Confirmation Bias + Misplaced focus = Epic Failure

Confirmation Bias is a common phenomenon where humans view large quantities of evidence and choose to give greater weight (or even all the weight) to those items that support their theories. Think of it as a recipe for disaster:

Confirmation bias + Excess focus on the areas we know best (regardless of their importance)Epic Failures a.k.a. Projects that consume a ton of energy and yield little in the way of results.

In her recent book, “The Upside of Down” Megan McArdle gives two great examples of “confirmation bias”, one dealing with the “Truthers” who claim the 9/11 bombings were a secret government project and the other example an examination of how different groups view the reasons for the recent financial crisis, each “team” selecting the evidence that support their theory and rejecting other bits of evidence.

Lately it has become easier and easier for all of us to ignore or reject information that runs contrary to our internal views. Depending on your politics you can select a news channel that will then present the news in a slant that will endlessly confirm your world view. Any dissenting opinions will be cut off, minimized or mocked.  The speed at which an internet based news society disseminates information also allows for a minimum of in-depth journalism, much less fact checking.

Unfortunately we do that inside of the business world as well. Labels such as “negative,” “nit-picky” or “impractical” can be accurate, but they can also be used to ignore dissent, or worse yet, critical red flags. As a business leader, if you’re committed to doing great things, you need to be open to listening to your critics. There may be a nugget of gold in there.

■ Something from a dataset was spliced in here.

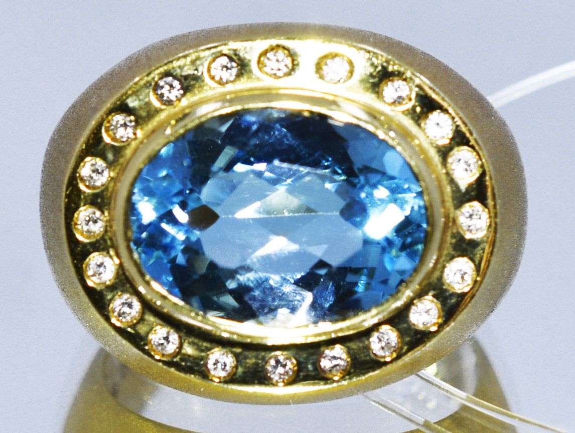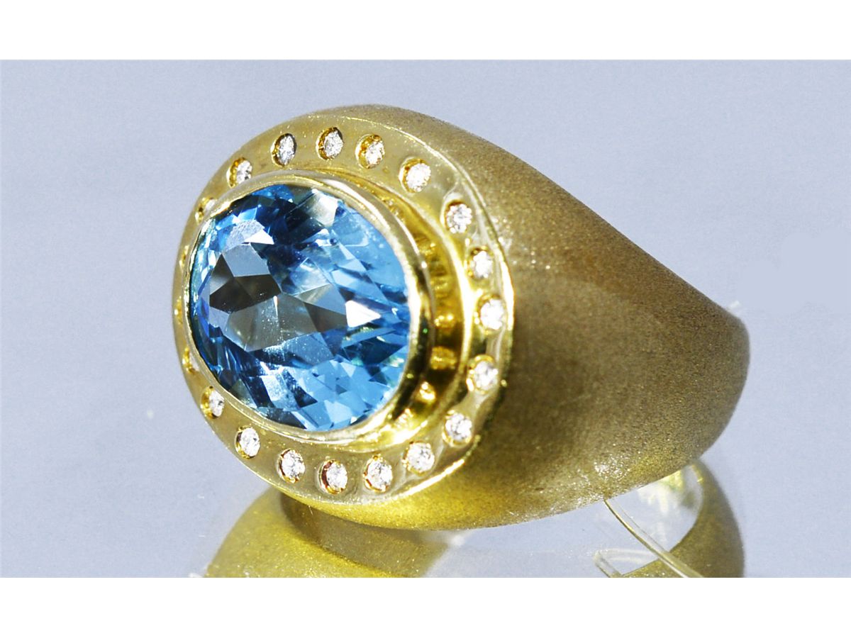 18kt Yellow Gold 15.70 Approx grams, including 20-pc. .60ct Round Diamonds, 5ct. Oval Topaz Ring

Years ago I worked at a dot com. After working there for several months, I was told we’d be launching free websites for real estate agents, then charging for them at some distant later point. Having come from an accounting background I asked some questions about the timing of the future revenues vs. the cost of extending the free sites for an indefinite time. I remember being told very clearly (and somewhat condescendingly,) that I “didn’t understand the model.” I went home that evening, questioning myself, my brain, even my ability to function in a changing world. I ran the numbers, researched other similar models, and calculated the rough costs of the tens of thousands of dollars I knew that the company was spending each day. (Our “burn rate” was to the tune of about 500K per week). I decided I was simply “not getting it” clearly a dinosaur unprepared for the new world of the internet based business model. I was 33 years old and a dinosaur.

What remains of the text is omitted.